Tutorial Synthetic Data II

Johannes Niediek edited this page May 18, 2016 · 4 revisions

Tutorial Part II

In this part we will tune some parameters to optimize the automatic sorting result from Part I.

1. What's the Problem?

We saw that Combinato created the following clustering result:

Clustering result of Simulation 5

The problems are (the numbers refer to the red numbers in the plot):

  1. A cluster was wrongly designated an artifact.
  2. Some spikes were not assigned to any cluster.
  3. This is a multi-unit that should be further split apart.
  4. There are some spikes in this unit that should not be part of it.

2. Fixing the Problems by Parameter Tuning

Create a file called local_options.py in the same folder that contains the simulation_5 folder. The content of the file is the following:

options = {'MaxClustersPerTemp': 7,
           'RecursiveDepth': 2,
           'MinInputSizeRecluster': 1000,
           'MaxDistMatchGrouping': 1.6,
           'MarkArtifactClasses': False,
           'RecheckArtifacts': False}

Then re-run the clustering procedure. At this point, you should use a different label.
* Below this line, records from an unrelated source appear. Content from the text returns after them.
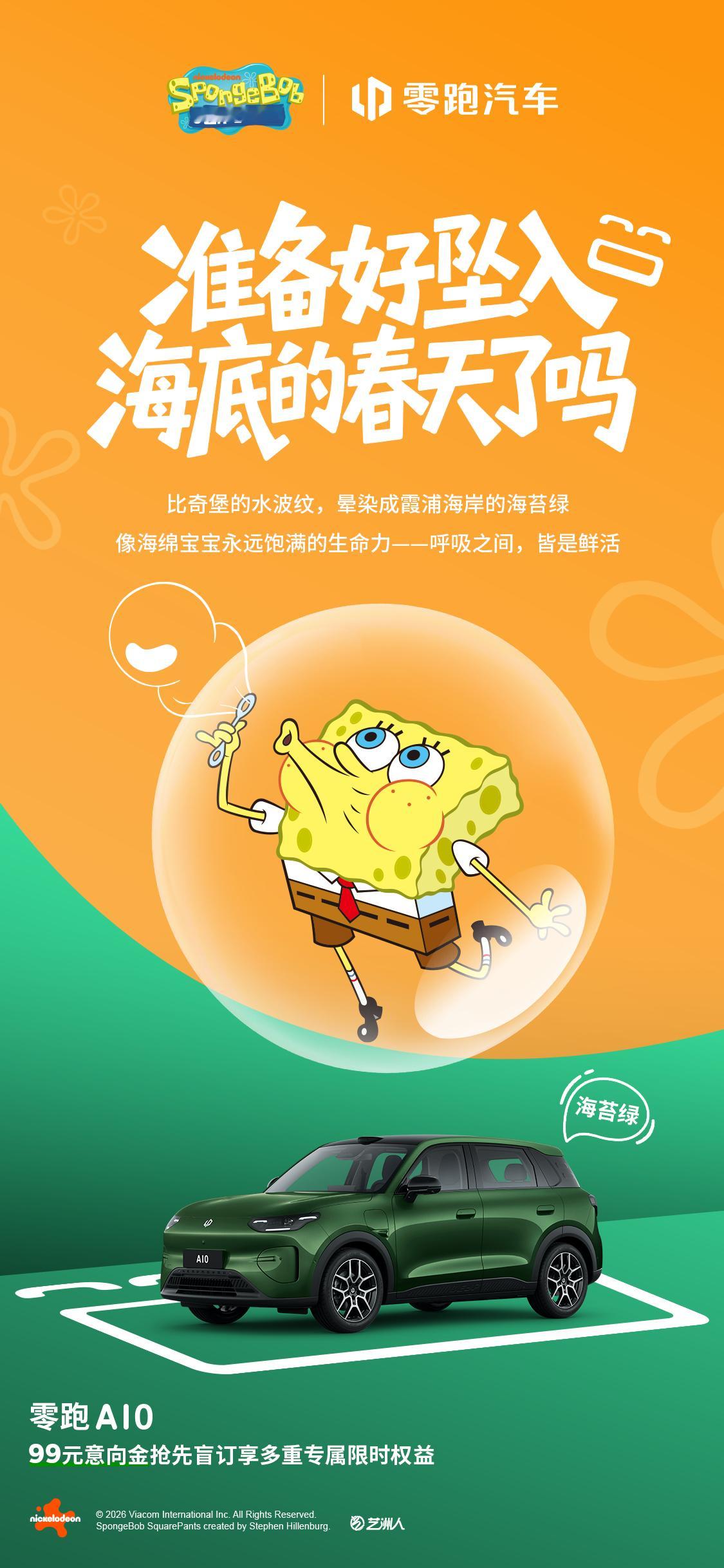 当零跑A10遇到,快乐准备出发6款车色,都藏着比奇堡的鲜活个性每一款都承包你路上的所有心情💛 如果是你,会选择哪一款颜色出发?评论区晒出你的pick,和比奇堡的小伙伴们一起探险出发~2月26日12点抽3位小伙伴,各送出海绵宝宝正版周边汽车护颈枕(24×18cm)*1 零跑A10海绵宝宝联名官宣马年放开跑 抽奖详情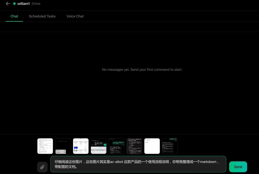 打开 AC-AIBot 的桌面版(william1 节点),新建对话,把 8 张截图全部上传,然后发出指令: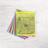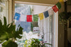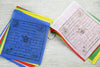 Set includes 5 strands of flags with 10 flags per strand. Each flag measures approximately 4 by 5 inches; one full strand is about 4 feet long. Made of polyester in Nepal.

Labels are names under which the clustering results are stored. By using different labels, you can save different clustering results from the same data and compare them later. So just enter

css-simple-clustering --datafile simulation_5/data_simulation_5.h5 --label optimized.

When the process is finished, enter

css-plot-sorted --label sort_pos_optimized.
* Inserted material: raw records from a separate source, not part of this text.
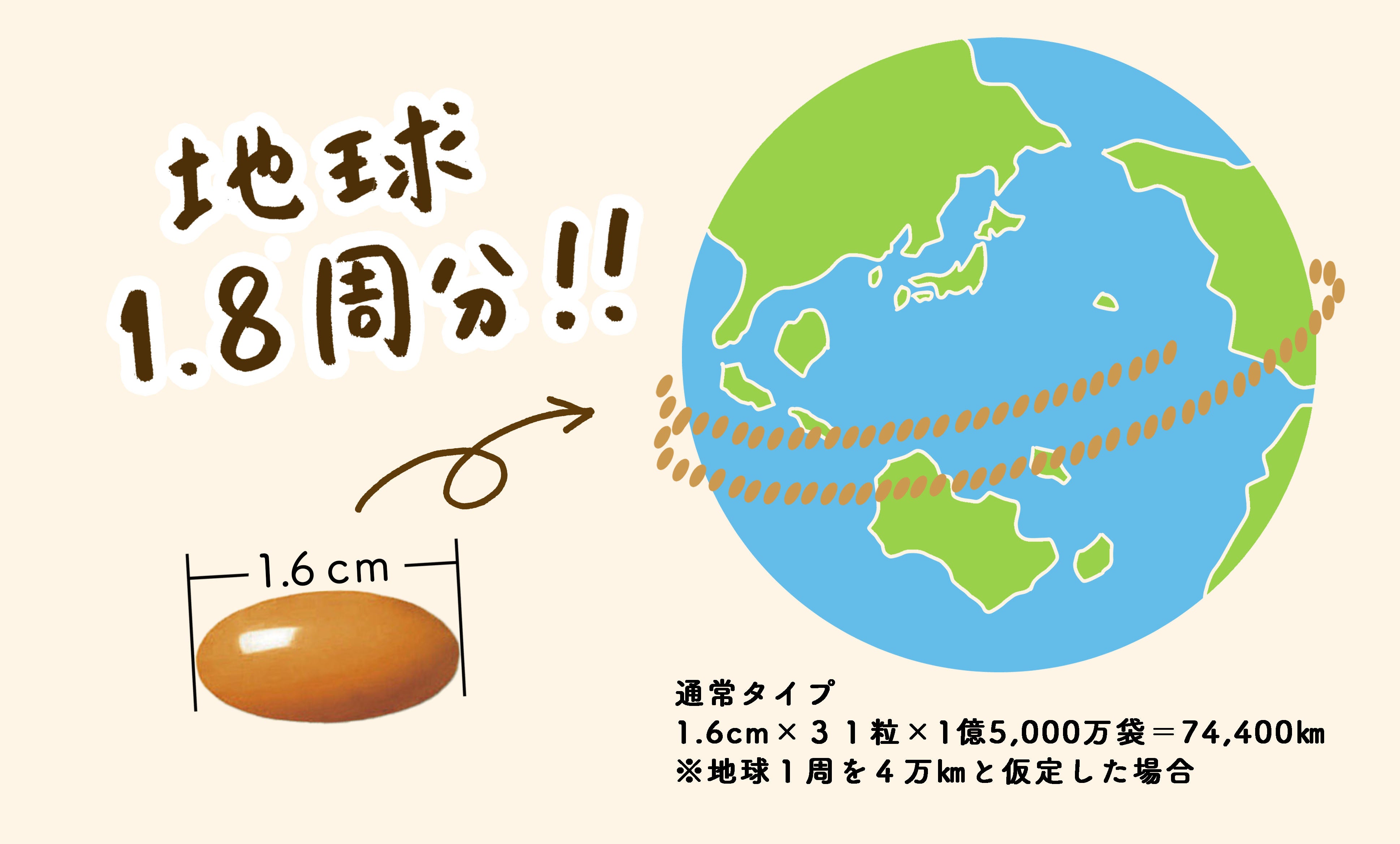 そんな取り組みにファンは年々増え続け、2012年にはシリーズ販売累計数が1億袋を突破。そして2022年8月に1億5,000万袋を突破した。仮にその粒を並べたとすると、合計総距離はなんと74,400km。地球1.8周分にも及ぶ。(※通常タイプ1.6cmで換算)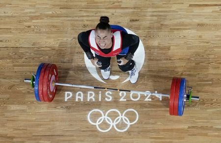 PARIS (Reuters) -Norway’s Solfrid Koanda put in a dominant performance to win the new 81kg weightlifting title at the Paris Games on Saturday, hoisting aloft a combined total of 275kg to give her country only its second Olympic title in the sport.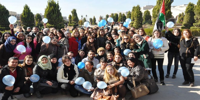 نفذ طلبة كلية التربية في جامعة البعث بحمص اليوم فعالية شبابية تعبيرا عن تضامنهم ودعمهم لحقوق الطفل بالتعلم وذلك ضمن حملة /الجناح الأزرق/ التابعة للمركز السوري لحقوق الطفل.

(The prefix sort_pos_ is automatically prepended to the label).

The sorting results are much better now:

Optimized clustering results from Simulation 5

As you can see, with the optimized options, Combinato generated 10 units. Each unit is displayed as a density plot along with its cumulative spike count (see the red frame for an example). Just next to the density plots, there is a list of all subclusters the unit consists of.

  1. Unit 1 consists of 8 subclusters. Probably the 5th and 7th subclusters should be made a different unit.
  2. Unit 3 consists of 2 subclusters. These are very different and should be split into two units using css-gui.
  3. Unit 7 consists of 2 subclusters. The first of these could be split further apart.

3. Manual optimization

As explained in Part I, use css-gui to further split apart under-clustered units. You can also set all units to Single Unit in css-gui (all units are considered multi-units by default).